It’s not surprising that along with such extreme funding and operational shortfalls, she also inherited a lot of the lingering ill will. “When I began as director,” she says, “it was a very dysfunctional department, with many staff stealing animals and sabotaging my efforts. I had three bomb threats the first year and was physically threatened, among an endless list of other issues.”

Pizano had replaced 75 percent of the staff by the time she stepped down 2011. She now serves as program director of Target Zero, a charitable initiative that aims to end euthanasia at animal shelters nationwide.

CoverStory_5_Medley_shelter_by_Janet

The owner of two Humane Society cats, Sebastian and Bella, Pizano recalls the ongoing hunt for a new building during her tenure.
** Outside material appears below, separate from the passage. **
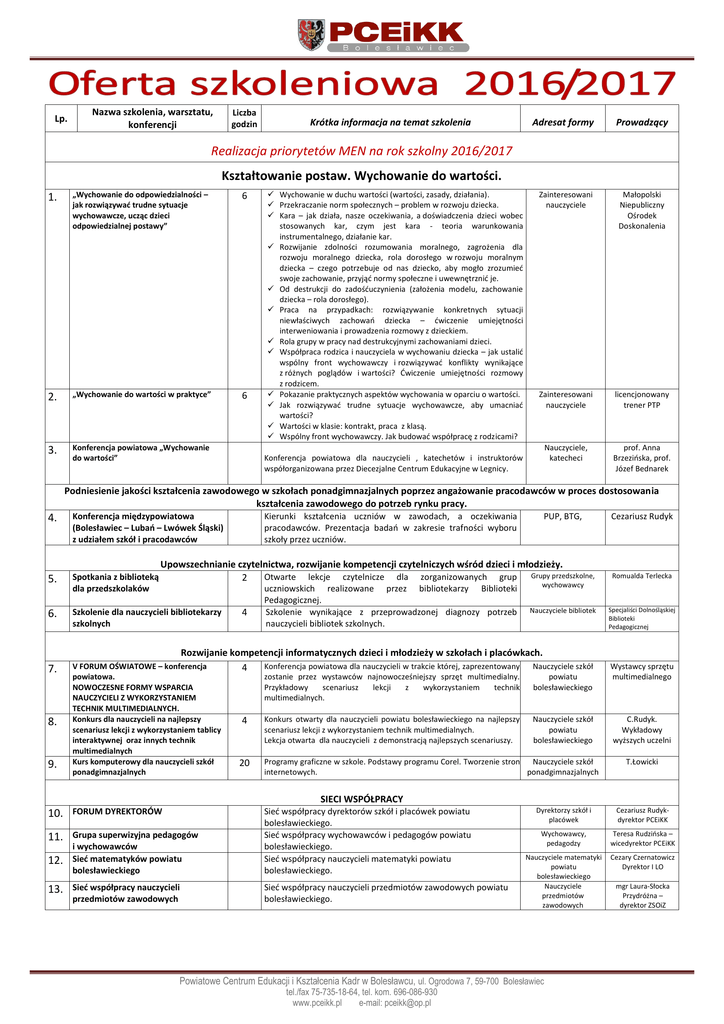 Lp. Nazwa szkolenia, warsztatu, konferencji Liczba godzin Krótka informacja na temat szkolenia Adresat formy Prowadzący Zainteresowani nauczyciele Małopolski Niepubliczny Ośrodek Doskonalenia Zainteresowani nauczyciele licencjonowany trener PTP Nauczyciele, katecheci prof. Anna Brzezińska, prof. Józef Bednarek Realizacja priorytetów MEN na rok szkolny 2016/2017 Kształtowanie postaw. Wychowanie do wartości. 1. „Wychowanie do odpowiedzialności – jak rozwiązywać trudne sytuacje wychowawcze, ucząc dzieci odpowiedzialnej postawy” 6 2. „Wychowanie do wartości w praktyce” 6 3. Konferencja powiatowa „Wychowanie do wartości” Wychowanie w duchu wartości (wartości, zasady, działania). Przekraczanie norm społecznych – problem w rozwoju dziecka. Kara – jak działa, nasze oczekiwania, a doświadczenia dzieci wobec stosowanych kar, czym jest kara - teoria warunkowania instrumentalnego, działanie kar. Rozwijanie zdolności rozumowania moralnego, zagrożenia dla rozwoju moralnego dziecka, rola dorosłego w rozwoju moralnym dziecka – czego potrzebuje od nas dziecko, aby mogło zrozumieć swoje zachowanie, przyjąć normy społeczne i uwewnętrznić je. Od destrukcji do zadośćuczynienia (założenia modelu, zachowanie dziecka – rola dorosłego). Praca na przypadkach: rozwiązywanie konkretnych sytuacji niewłaściwych zachowań dziecka – ćwiczenie umiejętności interweniowania i prowadzenia rozmowy z dzieckiem. Rola grupy w pracy nad destrukcyjnymi zachowaniami dzieci. Współpraca rodzica i nauczyciela w wychowaniu dziecka – jak ustalić wspólny front wychowawczy i rozwiązywać konflikty wynikające z różnych poglądów i wartości? Ćwiczenie umiejętności rozmowy z rodzicem. Pokazanie praktycznych aspektów wychowania w oparciu o wartości. Jak rozwiązywać trudne sytuacje wychowawcze, aby umacniać wartości? Wartości w klasie: kontrakt, praca z klasą. Wspólny front wychowawczy. Jak budować współpracę z rodzicami? Konferencja powiatowa dla nauczycieli , katechetów i instruktorów współorganizowana przez Diecezjalne Centrum Edukacyjne w Legnicy. Podniesienie jakości kształcenia zawodowego w szkołach ponadgimnazjalnych poprzez angażowanie pracodawców w proces dostosowania kształcenia zawodowego do potrzeb rynku pracy. 4. Konferencja międzypowiatowa (Bolesławiec – Lubań – Lwówek Śląski) z udziałem szkół i pracodawców 5. Spotkania z biblioteką dla przedszkolaków 6. Szkolenie dla nauczycieli bibliotekarzy szkolnych 7. 8. 9. Kierunki kształcenia uczniów w zawodach, a oczekiwania pracodawców. Prezentacja badań w zakresie trafności wyboru szkoły przez uczniów. PUP, BTG, Upowszechnianie czytelnictwa, rozwijanie kompetencji czytelniczych wśród dzieci i młodzieży. Otwarte lekcje czytelnicze dla zorganizowanych grup Grupy przedszkolne, 2 4 uczniowskich realizowane przez bibliotekarzy Biblioteki Pedagogicznej. Szkolenie wynikające z przeprowadzonej diagnozy potrzeb nauczycieli bibliotek szkolnych. 4 20 Romualda Terlecka wychowawcy Nauczyciele bibliotek Rozwijanie kompetencji informatycznych dzieci i młodzieży w szkołach i placówkach. V FORUM OŚWIATOWE – konferencja Konferencja powiatowa dla nauczycieli w trakcie której, zaprezentowany Nauczyciele szkół 4 powiatowa. NOWOCZESNE FORMY WSPARCIA NAUCZYCIELI Z WYKORZYSTANIEM TECHNIK MULTIMEDIALNYCH. Konkurs dla nauczycieli na najlepszy scenariusz lekcji z wykorzystaniem tablicy interaktywnej oraz innych technik multimedialnych Kurs komputerowy dla nauczycieli szkół ponadgimnazjalnych Cezariusz Rudyk zostanie przez wystawców najnowocześniejszy sprzęt multimedialny. Przykładowy scenariusz lekcji z wykorzystaniem technik multimedialnych. powiatu bolesławieckiego Konkurs otwarty dla nauczycieli powiatu bolesławieckiego na najlepszy scenariusz lekcji z wykorzystaniem technik multimedialnych. Lekcja otwarta dla nauczycieli z demonstracją najlepszych scenariuszy. Nauczyciele szkół powiatu bolesławieckiego Programy graficzne w szkole. Podstawy programu Corel. Tworzenie stron Nauczyciele szkół internetowych. ponadgimnazjalnych Specjaliści Dolnośląskiej Biblioteki Pedagogicznej Wystawcy sprzętu multimedialnego C.Rudyk. Wykładowy wyższych uczelni T.Łowicki SIECI WSPÓŁPRACY 10. FORUM DYREKTORÓW 11. Grupa superwizyjna pedagogów i wychowawców Sieć matematyków powiatu bolesławieckiego Sieć współpracy dyrektorów szkół i placówek powiatu bolesławieckiego. Sieć współpracy wychowawców i pedagogów powiatu bolesławieckiego. Sieć współpracy nauczycieli matematyki powiatu bolesławieckiego. Sieć współpracy nauczycieli przedmiotów zawodowych Sieć współpracy nauczycieli przedmiotów zawodowych powiatu bolesławieckiego. 12. 13. Dyrektorzy szkół i placówek Cezariusz Rudykdyrektor PCEiKK Wychowawcy, pedagodzy Teresa Rudzińska – wicedyrektor PCEiKK Nauczyciele matematyki powiatu bolesławieckiego Nauczyciele przedmiotów zawodowych Cezary Czernatowicz Dyrektor I LO Powiatowe Centrum Edukacji i Kształcenia Kadr w Bolesławcu, ul. Ogrodowa 7, 59-700 Bolesławiec tel./fax 75-735-18-64, tel. kom. 696-086-930 www.pceikk.pl e-mail: [email protected] mgr Laura-Słocka Przydróżna – dyrektor ZSOiZ SZKOLENIA DLA NAUCZYCIELI PRZEDMIOTÓW ZAWODOWYCH Wykorzystanie wiedzy metodycznej i prawnej do określenia skali 8 14. Modyfikowanie programu nauczania do zawodu 15. Ewaluacja programu nauczania do zawodu 3 16. Wykorzystanie badań i analiz oraz wyników kształcenia do poprawy jakości pracy szkoły 12 17. Metody aktywizujące do twórczej pracy w zespołach 16 Neurodydaktyka w szkole 19. Tutoring jako metoda pracy pedagogicznej 3 20. Motywowanie uczniów szkoły ponadgimnazjalnej 12 21. Coachingowe lekcje wychowawcze 12 22. Jak motywować niezmotywowanych 6 23. Ocenianie wspierające 8 24. Innowacje i eksperymenty jako programy rozwojowe szkoły Jak efektywnie uczyć i angażować uczniów? Podejmowanie działań zwiększających efekty ksz

There were five failed property-selection efforts.

“The others fell through because of the cost to retrofit, the location, inadequate parking, environmental issues, and/or not enough space,” she says. “It was a very frustrating process for me for the six years I was director -- until we found the Doral location. We closed on that property within a few days after I left, so I was relieved things could move forward.”

The BT was given a guided tour of the failed Medley facility on the day before it closed for good. Communications manager Bohorquez, the owner of mother/daughter Chihuahuas obtained through the shelter’s foster program, served as guide.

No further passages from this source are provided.